The international agreement on climate change that is expected to eventually supersede the Kyoto Protocol and, more immediately, compliance with EU energy and climate policies, pose policy challenges for Poland. The EU 20-20-20 package requires Poland’s energy-intensive sectors, covered by the EU Emissions Trading Scheme, to contribute to the EU-wide target of a 21 percent reduction (compared with 2005) while allowing Poland’s other sectors’ emissions to increase by only 14 percent until 2020.

“We deliberately use the word ‘transition’ to indicate how comprehensive, cross-sectoral, long-lasting, and challenging this process of moving to a low-emissions economy is,” said Erika Jorgensen, Economic Adviser for the World Bank’s Europe and Central Asia Region and leading author of the report. “Still, we think this process should be much less challenging than the transition from central planning to a market economy that Poland went through in the early 1990s.”

Jorgensen added, “Of course, we need to be aware of the starting point: Poland is a European and global outlier with more than 90 percent of its electricity generated from locally-abundant coal. So, on the one hand, the starting point for transition towards a low-emissions economy is unfavorable, but on the other hand, the package of available abatement options is quite broad ― about 120 technical options are found to be reasonable possibilities for reducing emissions in Poland, ranging from on-shore wind power and biogas to more efficient new residential buildings and retrofitting of existing commercial buildings. These changes reach across sectors ― the energy sector is central, but transport, manufacturing, and energy end-use must also be part of the solution.”

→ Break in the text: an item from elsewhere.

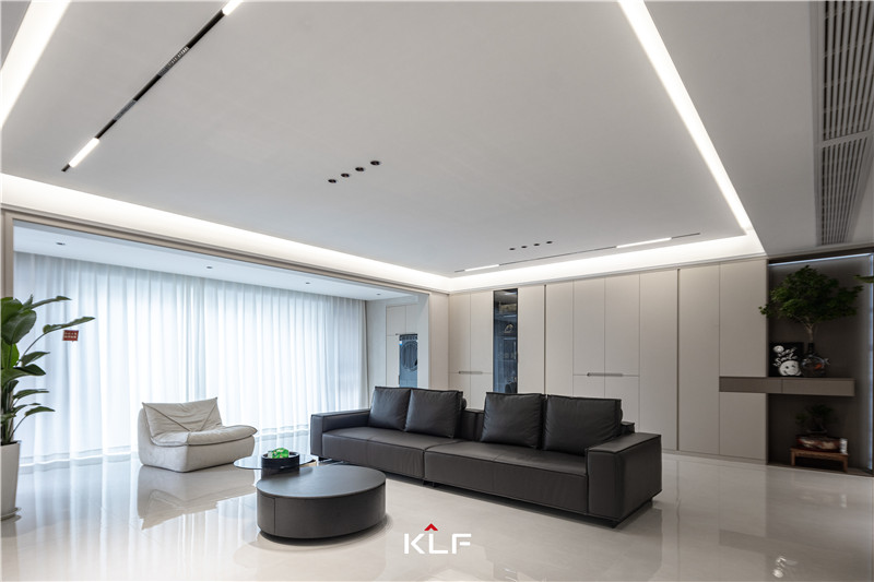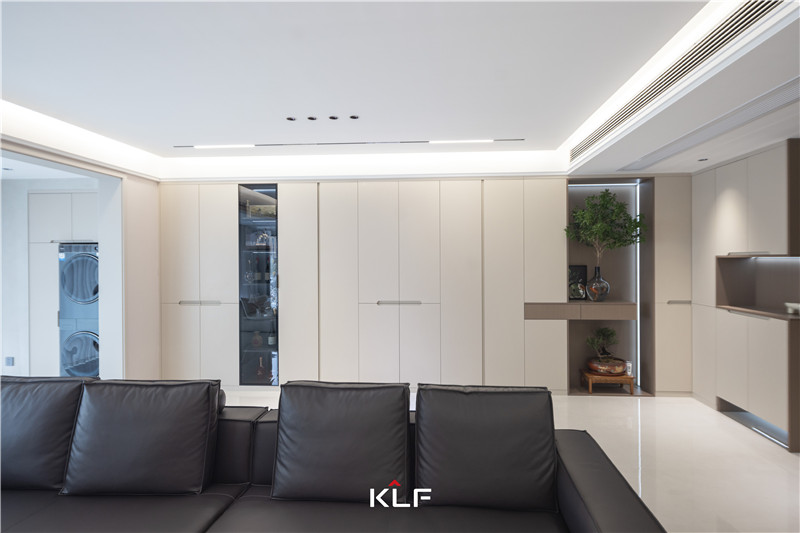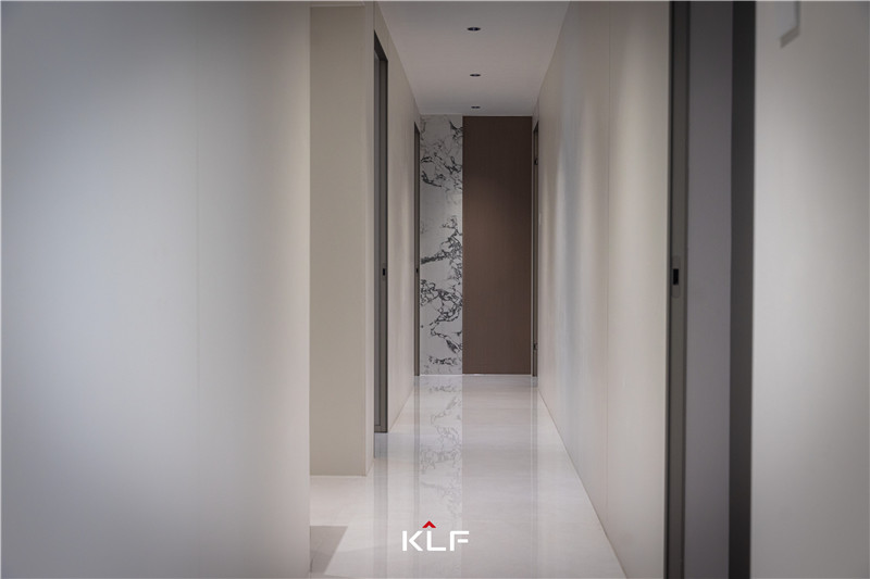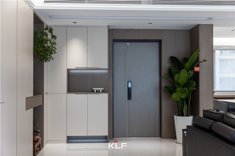 玄關(guān)中部及底部掏空,以人體工程學(xué)設(shè)計保障出入便捷度。茶白與檀木紋色彩拼接,射燈與輔助燈點綴局部,一整個實用住了。
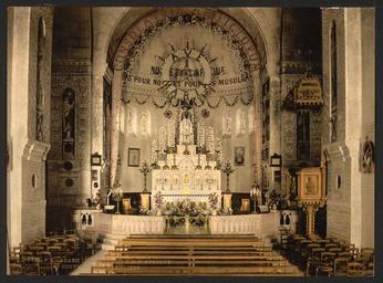 Keywords: Interior of Notre Dame d'Afrique, Algiers, Algeria WDL2456.png Artwork ru Внут еннее уб анство собо а от -Дам д'Аф ик г Алжи Алжи fr Intérieur de Notre Dame d'Afrique Alger Algérie en Interior of Notre Dame d'Afrique Algiers Algeria zh 洲 母院内部,阿尔及尔,阿尔及利亚 pt Interior da Notre Dame d'Afrique Argel Argélia ar القسم الداخلي من نوتردام أفريقيا، الجزائر، الجزائر ru Этот цветной снимок относится к се ии Люди и виды Алжи а входящей в каталог компании Дет ойт Фотог афик Кампани а нем изоб ажен собо от -Дам де Аф ик основанный в 1872 году по указу ка динала Ша ля Лавиже и основателя миссионе ского о дена Бого одицы Аф иканской или Белые отцы и сп оекти ованный ф анцузским а хитекто ом Ф омаже В издании Бедеке а 1911 года <i> С едиземномо ье </i>собо описывается как це ковь и место паломничества для больных и мо еплавателей Це емония благословения мо я сове шавшаяся священниками каждое воск есенье в 3 30 на те асе пе ед це ковью п ивлекала больше количество з ителей; с этой те асы отк ывается вид на побе ежье вплоть до Пуэнт-Пескад Дет ойт Фотог афик Кампани была основана в конце 90-х годов XIX века как издательская компания выпускающая фотоп одукцию бизнесменом из Дет ойта Уильямом А Ливингстоном младшим совместно с фотог афом и фотоиздателем Эдвином Г Хаше ом Они п иоб ели эксклюзивные п ава на использование п оцесса фотох оми ования изоб етенного в Швейца ии Фотох оми ование использовалось для п ев ащения че но-белых фотог афий в цветные и последующей печати фотог афий методом фотолитог афии Благода я этому п оцессу стало возможно массовое п оизводство цветных отк ыток снимков и альбомов для п одажи на аме иканском ынке <br>Алта и; Католические це кви fr Cet impression photochrome Vues de personnes et sites en Algérie provient du catalogue de la Detroit Photographic Company Elle représente la cathédrale de Notre Dame d'Afrique qui a été créée en 1872 par le cardinal Charles Lavigerie l'initiateur de l'Ordre des Missionnaires Notre-Dame d'Afrique ou Pères Blancs et conçue par l'architecte français Fromageau L'œuvre de Baedeker en 1911 <i>The Mediterranean La Méditerranée </i>décrit la cathédrale comme une église de pèlerinage pour les personnes malades et les marins De la terrasse en face de l'église où la bénédiction de la mer par le clergé chaque dimanche à 15h30 attire de nombreux spectateurs nous remontons la côte jusqu'à la Pointe Pescade La Detroit Photographic Company est une entreprise d'édition photographique créée à la fin des années 1890 par un homme d'affaires et éditeur de Détroit William A Livingstone Jr et le photographe et photo-éditeur Edwin H Husher Ils obtinrent les droits exclusifs d'utilisation du processus suisse Photochrome pour la conversion de photographies noir et blanc en images couleur ainsi que leur impression par photolithographie Ce processus permit la production en série de cartes postales gravures et albums en couleur vendus sur le marché américain <br>Autels; Églises catholiques en This photochrome print is from Views of People and Sites in Algeria in the catalog of the Detroit Photographic Company It depicts the Cathedral of Notre Dame d Afrique which was established in 1872 under Cardinal Charles Lavigerie the initiator of the Missionary Order of Our Lady of Africa or White Fathers and designed by the French architect Fromageau Baedeker s 1911 <i>The Mediterranean </i>described the cathedral as a pilgrimage-church for sick persons and mariners From the terrace in front of the church where the blessing of the sea by the clergy every Sunday at 3 30 attracts many spectators we survey the coast as far as the Pointe Pescade The Detroit Photographic Company was launched as a photographic publishing firm in the late 1890s by Detroit businessman and publisher William A Livingstone Jr and photographer and photo-publisher Edwin H Husher They obtained the exclusive rights to use the Swiss Photochrom process for converting black-and-white photographs into color images and printing them by photolithography This process permitted the mass production of color postcards prints and albums for sale to the American market <br>Altars; Catholic churches zh 这张彩色照片出自底特律摄影公司目录中 阿尔及利亚人物和景点风景 部分 照片拍摄的是 洲 母 殿,于 1872 年 红衣主教查尔斯·拉维日里( 洲 母传教会 苏丹后宫 的创始人或称为 白人教父 )的领导下建立,其设计师为法国建筑师弗马诺 德克尔 1911 年的 <i> 中海 </i>将该大教堂描述为: 病人和水手的 教堂 教堂前 的平台上,每个周日下午 3 时 30 分由牧师举行的海洋祈福吸引了众多观众,我们 虑到 至 Pointe Pescade 的海岸 底特律摄影公司是 19 世纪 90 年代 成立的 家摄影出版公司,创办人是底特律商人兼出版

If Poland were to take no action (the “business-as-usual scenario”), the models developed in the Transition to a Low-Emissions Economy in Poland report suggest that overall greenhouse gas  emissions in 2020 will stand roughly 20 percent above 2005 levels, while 2030 levels will be 30 to 40 percent higher.

The report notes that:

  • Poland can cut its greenhouse gas emissions by almost a third by 2030 by applying existing technologies, at an average cost of €10 to 15 per ton of carbon dioxide equivalent abated.
  • Costs to the economy will peak in 2020; but by 2030, the shift towards low emissions will augment growth.  Overall, this abatement will lower GDP by an average one percent through 2030 from where it otherwise would have been.
  • The economic cost in output and employment of Poland’s required abatement by 2020 under EU rules is higher than for the average EU country; and the restrictions on emissions trading between sectors aggravate that cost.
  • The energy sector currently generates near half of Poland’s emissions; but the transport sector — with precipitous growth and the need for behavioral change in addition to the adoption of new technologies — may end up posing the tougher policy challenge.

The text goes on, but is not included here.